The case, decided this week by the Eighth Circuit Court of Appeals, is Mayer Hoffman McCann, PC v. Thomas Barton, et al., and it is a doozy!
In sum, several CPAs employed by Mayer Hoffman McCann, PC (MHM) left the firm and started their own accounting firm. All of the departing accountants had signed a noncompete agreement which provided they would not “directly or indirectly, solicit, attempt to solicit,
take away, attempt to take away, or otherwise interfere with [MHM’s] relationship with any customer (including any customer in [MHM’s] data base).”
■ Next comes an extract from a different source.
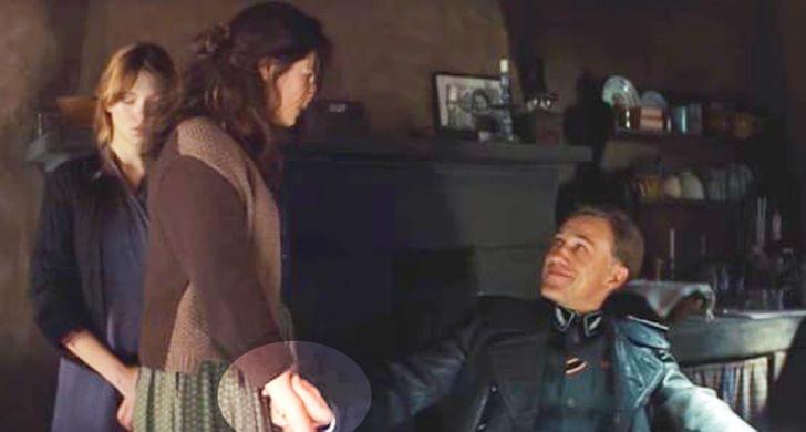 汉斯·兰达饰演的纳粹党卫军队长,是一个上一秒可以谈笑风生,下一秒就能痛下杀手的魔头,他在向农妇提问时,态度和蔼,笑容可掬,只是轻轻地摸了摸她的手腕,实际上他在摸她的脉搏,以确认她没有撒谎。

Here is where the “almost too stupid to believe” part starts. On the effective date of their resignation from MHM, the departing employees sent a “Valued Clients” letter to individuals/companies they had worked with while employed with MHM advising of their departure from MHM and further stating:
“It is my hope that you will join me at our new firm. In order to make the
transition at this time I am providing you with a termination letter to end
your relationship with (the old company) and an engagement letter to begin a new
relationship with (the new company). It is imperative that we receive these letters
back as soon as possible.”
Guess What? The departing CPAs got hammered by the court. An injunction was entered prohibited the departing CPAs from working with/for MHM’s clients and awarded MHM $1,369,921 in liquidated damages. In my opinion the liquidated damage award was improper and excessive but I just don’t think the court could see past the obvious and blatant conduct by the departing employees.
This decision has many interesting issues specific to the accounting profession and is mandatory reading for everyone in the accounting profession dealing with a noncompete issue.